AWS is the most mature platform with the broadest service selection and the largest ecosystem of third-party tools and integration partners. It is the default choice for organisations without a strong existing relationship with Microsoft or Google. Azure is the natural fit for organisations deep in the Microsoft ecosystem: Windows Server, Active Directory, MSSQL, Office 365. The integration between Azure and Microsoft's enterprise tools is tighter than what AWS or GCP offers, and licensing benefits for existing Microsoft customers are meaningful. GCP has the strongest managed data and analytics services (BigQuery, Dataflow, Vertex AI) and is worth considering for organisations where data processing and AI are central workloads. We assess your existing infrastructure, team expertise, existing licensing agreements, and primary use cases before recommending a platform. The recommendation is based on what fits your situation, not our familiarity.

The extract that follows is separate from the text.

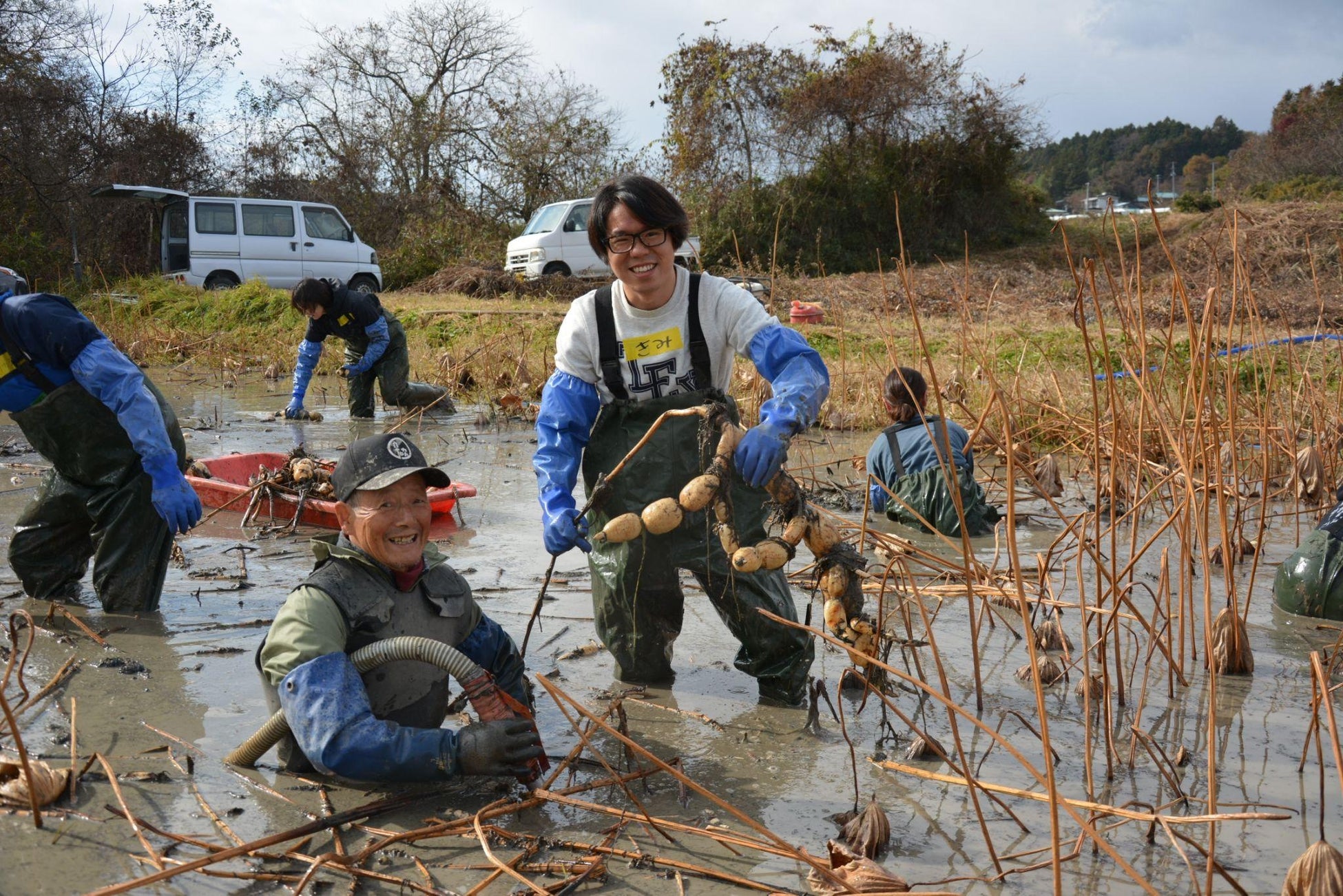 一方、B班は地元特産の伊豆沼レンコンの収穫体験を実施しました。地元の農家さんの元を訪れ寸胴に着替えて泥の中のレンコンを探索。参加者は泥だらけになりながら楽しんでいる様子でした。収穫したてのレンコンを炙ってほおばるとその美味しさに多くの参加者が感動していました。

For most migrations, taking systems offline for the full migration duration is not acceptable. We use phased migration and cutover strategies that minimise downtime. For applications, we run source and destination in parallel during a validation period and switch traffic when confidence is high, then decommission the source. For databases, we use replication: the destination database receives an ongoing stream of changes from the source until the cutover moment, at which point the replication lag is typically seconds. The cutover window -- when write traffic switches from source to destination -- is planned for the lowest-traffic period and is measured in minutes, not hours. The specific cutover strategy depends on your application architecture, acceptable downtime window, and business criticality. We design and document the cutover plan before migration starts and dry-run it in a staging environment.